DATA EXTRACT.
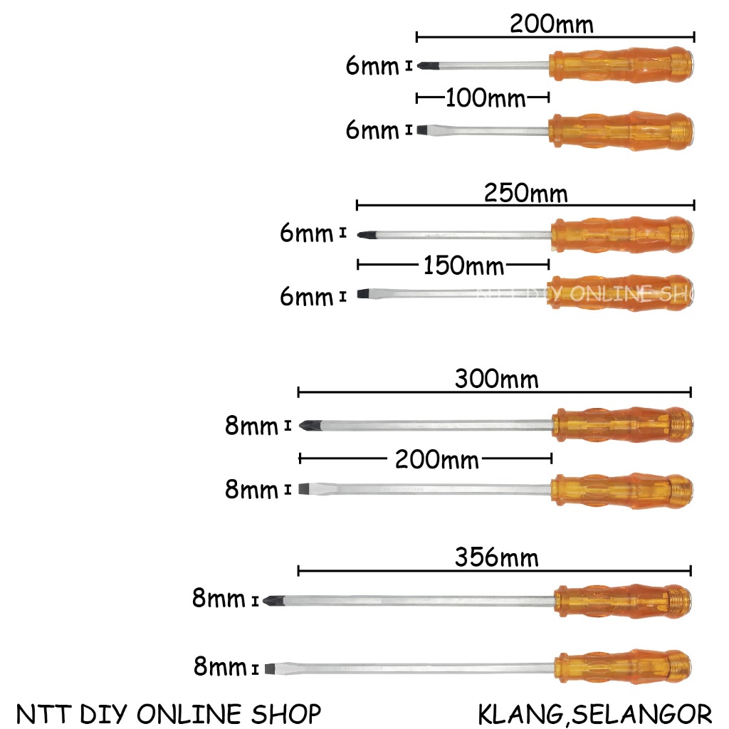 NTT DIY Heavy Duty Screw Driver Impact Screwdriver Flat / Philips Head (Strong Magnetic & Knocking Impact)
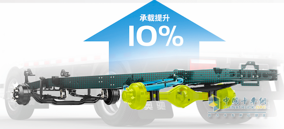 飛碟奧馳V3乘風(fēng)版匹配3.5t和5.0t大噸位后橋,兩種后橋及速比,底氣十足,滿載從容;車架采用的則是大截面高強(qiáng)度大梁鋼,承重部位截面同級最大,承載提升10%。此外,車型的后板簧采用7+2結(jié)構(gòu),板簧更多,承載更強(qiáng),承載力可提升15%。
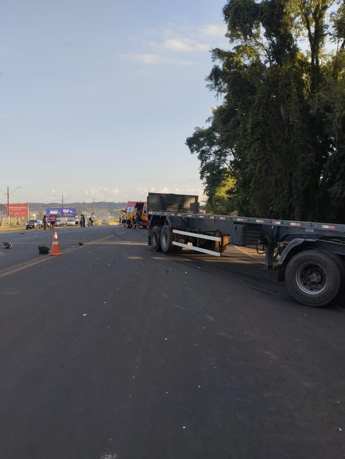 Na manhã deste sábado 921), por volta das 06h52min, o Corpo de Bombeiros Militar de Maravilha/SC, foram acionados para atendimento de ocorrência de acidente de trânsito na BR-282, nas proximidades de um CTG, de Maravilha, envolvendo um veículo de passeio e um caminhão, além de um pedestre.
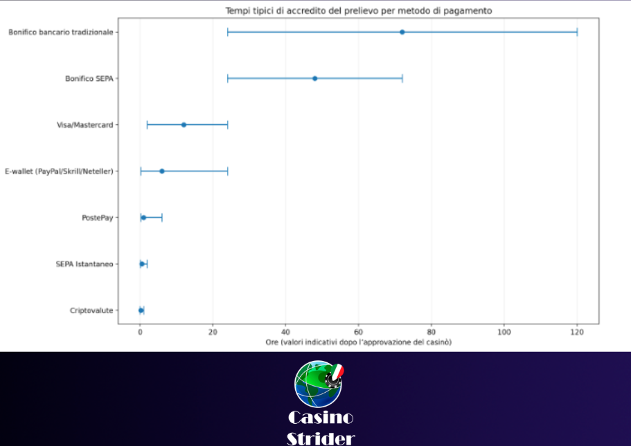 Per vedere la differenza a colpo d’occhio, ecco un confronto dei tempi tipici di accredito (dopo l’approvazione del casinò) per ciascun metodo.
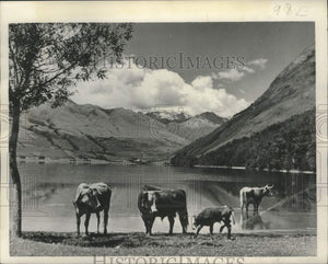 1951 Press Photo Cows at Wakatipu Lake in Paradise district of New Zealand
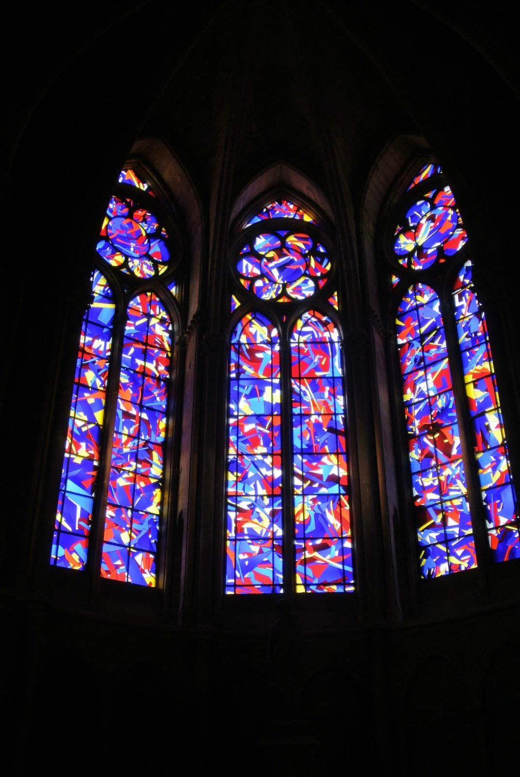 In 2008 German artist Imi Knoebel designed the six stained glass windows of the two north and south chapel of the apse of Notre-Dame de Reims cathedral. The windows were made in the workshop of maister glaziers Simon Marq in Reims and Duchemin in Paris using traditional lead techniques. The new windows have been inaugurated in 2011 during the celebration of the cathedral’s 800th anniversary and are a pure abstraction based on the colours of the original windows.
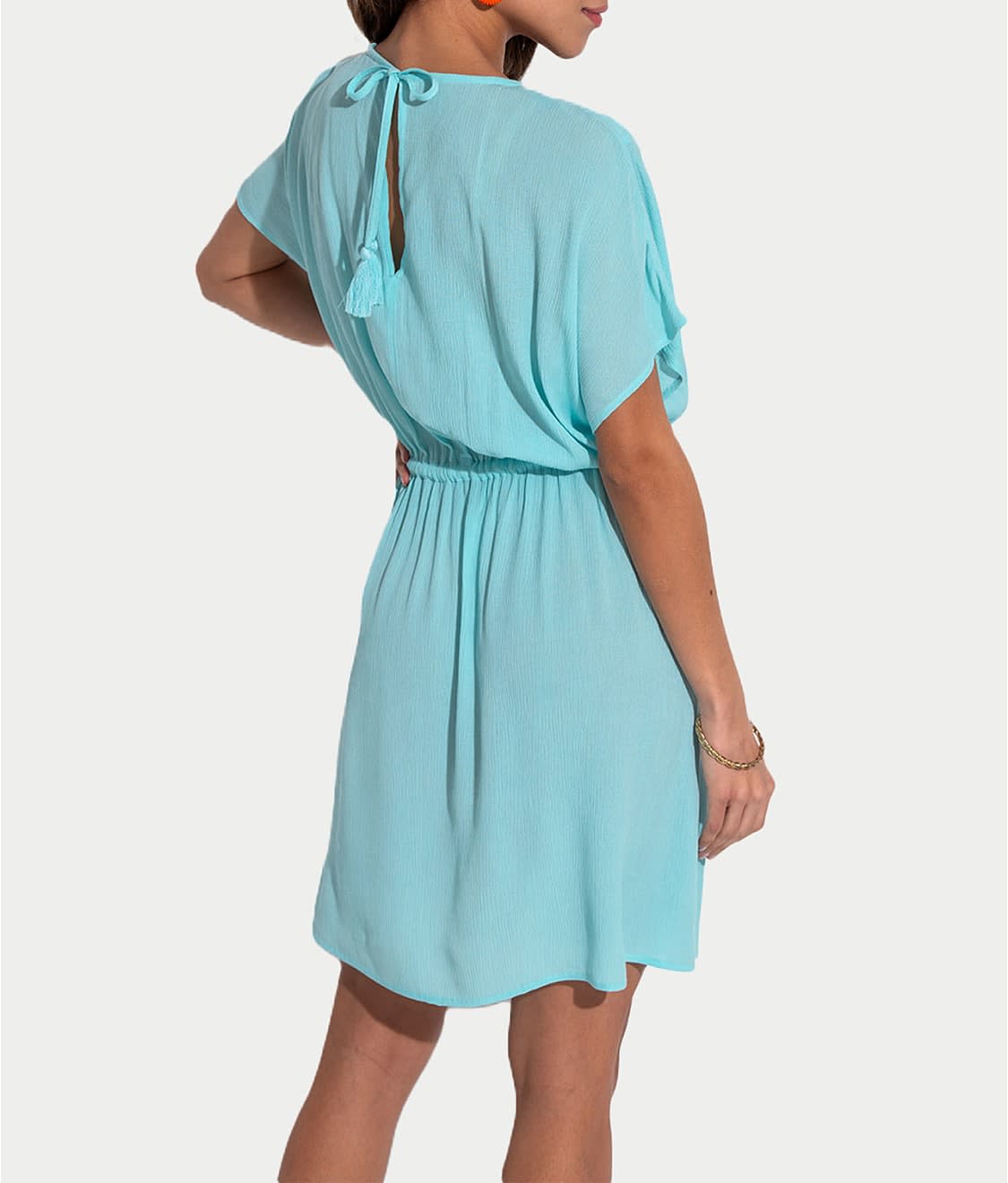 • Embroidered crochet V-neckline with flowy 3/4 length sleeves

TASK DIRECTIONS. Above are some records; extract exactly the lines from the one containing "飛碟奧馳V3乘風(fēng)" through the one containing "In 2008 German" and drop the pictures.

EXPECTED ANSWER.
 飛碟奧馳V3乘風(fēng)版匹配3.5t和5.0t大噸位后橋,兩種后橋及速比,底氣十足,滿載從容;車架采用的則是大截面高強(qiáng)度大梁鋼,承重部位截面同級最大,承載提升10%。此外,車型的后板簧采用7+2結(jié)構(gòu),板簧更多,承載更強(qiáng),承載力可提升15%。
 Na manhã deste sábado 921), por volta das 06h52min, o Corpo de Bombeiros Militar de Maravilha/SC, foram acionados para atendimento de ocorrência de acidente de trânsito na BR-282, nas proximidades de um CTG, de Maravilha, envolvendo um veículo de passeio e um caminhão, além de um pedestre.
 Per vedere la differenza a colpo d’occhio, ecco un confronto dei tempi tipici di accredito (dopo l’approvazione del casinò) per ciascun metodo.
 1951 Press Photo Cows at Wakatipu Lake in Paradise district of New Zealand
 In 2008 German artist Imi Knoebel designed the six stained glass windows of the two north and south chapel of the apse of Notre-Dame de Reims cathedral. The windows were made in the workshop of maister glaziers Simon Marq in Reims and Duchemin in Paris using traditional lead techniques. The new windows have been inaugurated in 2011 during the celebration of the cathedral’s 800th anniversary and are a pure abstraction based on the colours of the original windows.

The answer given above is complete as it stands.